I was a teenager back in 1984 and was excited that Geraldine Ferraro was nominated for Vice-President of the United States. And although she and Walter Mondale lost in a landslide, I remember thinking that this was a good sign, women were on the ascendency.
There were many girls in my high school class who were leaders; in fact the four brightest students were young women, but it would be 24 years until Sarah Palin would be a nominee for vice-president and then another eight before Hillary Clinton almost broke the glass ceiling, losing the election for president, although she won the popular vote by more than 2.8 million votes.
But finally now, we have a woman in Kamala Harris elected as our next vice president and I cannot tell you how excited I am. She brings many firsts to the position – the first woman, the first black woman, the first person of Indian descent.
As you can imagine, women naturally bring a different perspective to leadership than men and it is one that humanity has not been listening to enough.

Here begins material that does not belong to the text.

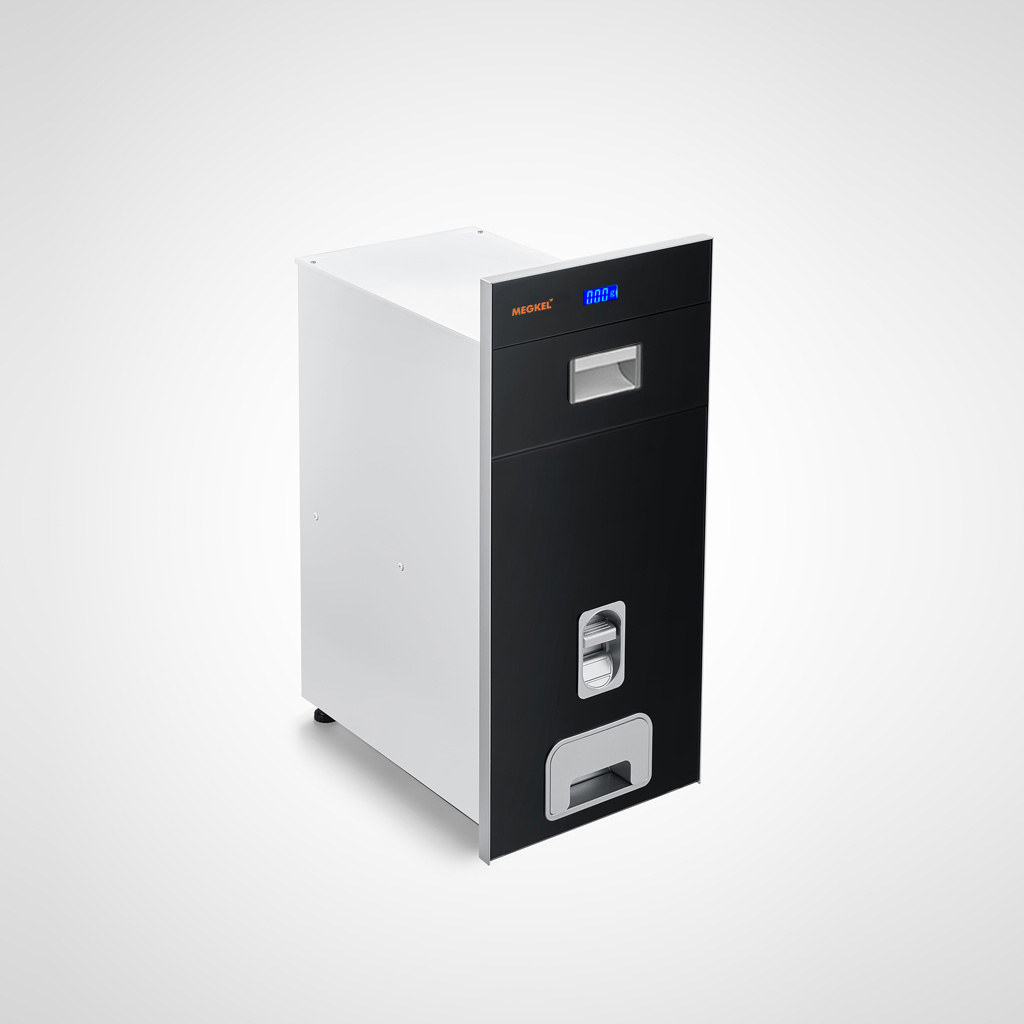 Thùng gạo điện tử mặt kính đen viền nhôm nút nhấn | Garis | Megkel MR06.30BE | 15kg | loại tủ 300mm | thiết kế sang trọng cho không gian bếp tiện nghi

For me as a leader, it is critical to have women on my leadership team and I turn to them to be my partners and thought-leaders, guiding me and bringing perspectives and ideas that I may not have considered. For much of human history, much of the narrative has been dictated by men and that has not been all bad, but it has been one-sided and it has certainly been incomplete. It is long overdue to remedy this. Kamala Harris’ election is the next step in remedying this.
In my life, having a mother who was a strong leader; one who rose to the highest ranks of power in her career and in her institution taught me that men and women are truly equal.
But over the years, I have come to realize that all of that is still fragile.
Those gains can slip away.
One decade’s gains can vanish in the next decade.
One generation’s hard-fought advancements can easily be whittled away by those who do not want to see women in positions of power and by systems of power that continue to suppress women’s voices.
Egalitarianism is not something to be taken for granted.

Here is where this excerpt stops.